Analysis of variance table
# HeatingLoad is to be regressed on CoolingLoad,
# model
regressor <- lm(formula=HeatingLoad~CoolingLoad,data=energy.data)
#Analysis of variance table
summary(regressor)
##
## Call:
## lm(formula = HeatingLoad ~ CoolingLoad, data = energy.data)
##
## Residuals:
## Min 1Q Median 3Q Max
## -9.2435 -0.9171 -0.1044 1.3788 6.2989
##
## Coefficients:
## Estimate Std. Error t value Pr(>|t|)
## (Intercept) -3.045746 0.216277 -14.08 <2e-16 ***
## CoolingLoad 1.030965 0.008297 124.25 <2e-16 ***
## ---
## Signif. codes: 0 '***' 0.001 '**' 0.01 '*' 0.05 '.' 0.1 ' ' 1
##
## Residual standard error: 2.221 on 793 degrees of freedom
## Multiple R-squared: 0.9511, Adjusted R-squared: 0.9511
## F-statistic: 1.544e+04 on 1 and 793 DF, p-value: < 2.2e-16
# let us visualise the result graph using ggplot2
# let us design the visualization in layers that we trained our model on using the simple linear equation ^y = B0 + B1X
# 1. the ggplot function()
# 2. the point function through the channel
# 3. the liner model using the y predicted value of the energy.data set
p <- ggplot() +
geom_point(aes(x= energy.data$CoolingLoad, y= energy.data$HeatingLoad),
color= "red") +
geom_line(aes(x= energy.data$CoolingLoad,, y =predict(regressor, newdata= energy.data)),
color=" blue") +
ggtitle('Cooling vs Heating load(Energy observation points)') +
xlab('Cooling load') +
ylab('Heating load')
p
# create a dataframe from the new data
newdata <- data.frame(CoolingLoad=32)
# let us predict the Heating load result after we have trained our model with the subset data (energy.data)
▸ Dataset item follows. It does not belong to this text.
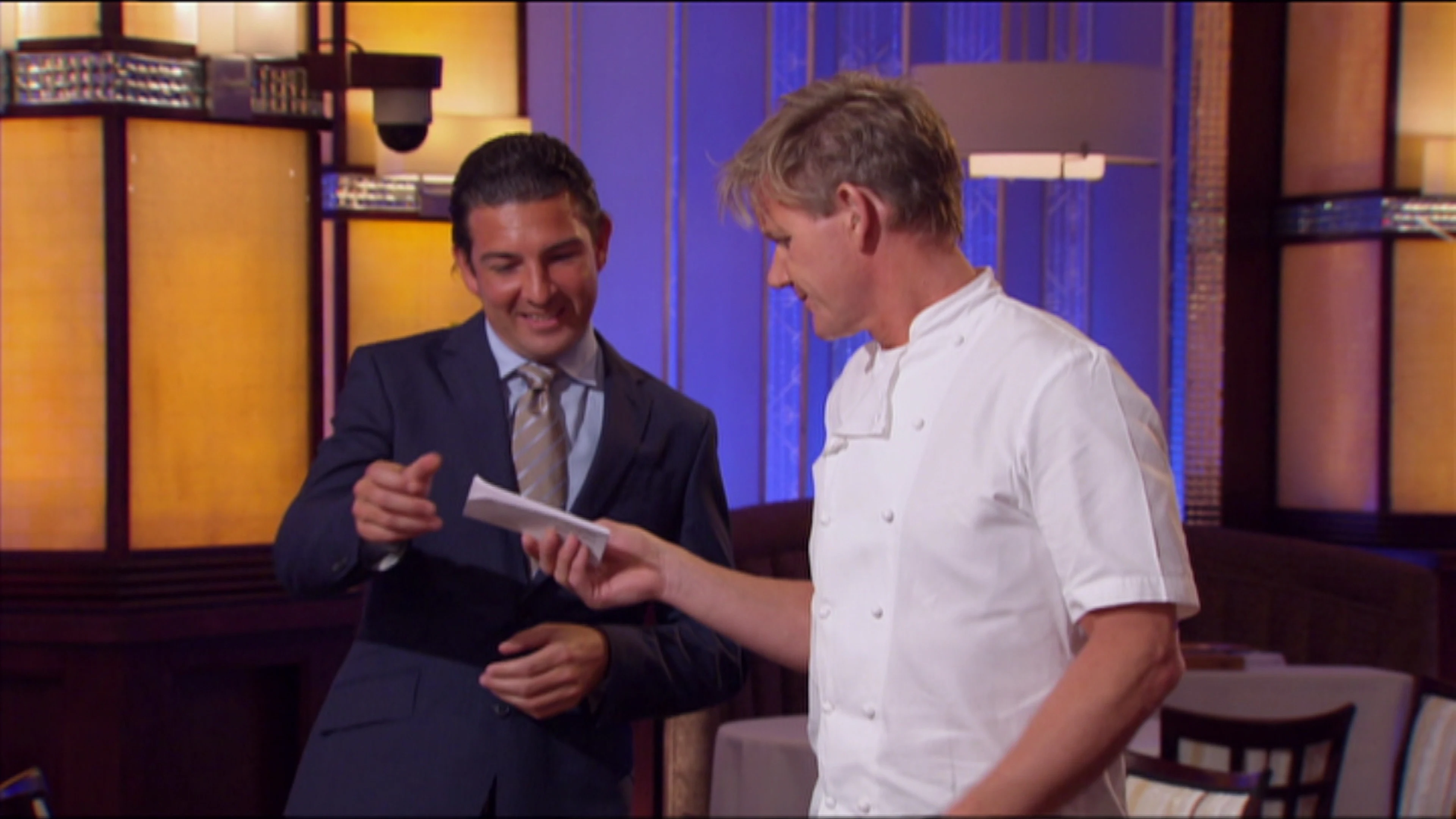 De laatste vijf chefs moeten zich bewijzen met een indrukwekkende gourmetburger. Chef Ramsay en een zaal vol culinaire experts bepalen de beste en slechtste burgers. De winnaar wordt beloond met een ontspannende spadag, terwijl de rest zich bezighoudt met eindeloze klusjes. Later loopt de spanning op wanneer ze een vip-gast moeten bedienen, maar grote fouten in de keuken brengen het diner bijna tot stilstand. Een chef moet uiteindelijk de competitie verlaten.

hl.predict <- predict(regressor, newdata = newdata) # heating load as hl
hl.predict
## 1
## 29.94512
# scatter plotting the heating load and cooling to see if there is a linear relationship
ggplot(energy.data, aes(x=HeatingLoad ,y=CoolingLoad)) +
geom_point() +
labs(title = "Heating Load vs Cooling Load",
x="Heating load (KBTU)",
y = "Cooling Load (KBTU)")
# CoolingLoad, is to be regressed on HeatingLoad.
# model
regressorNew <- lm(formula=CoolingLoad~HeatingLoad, data=energy.data)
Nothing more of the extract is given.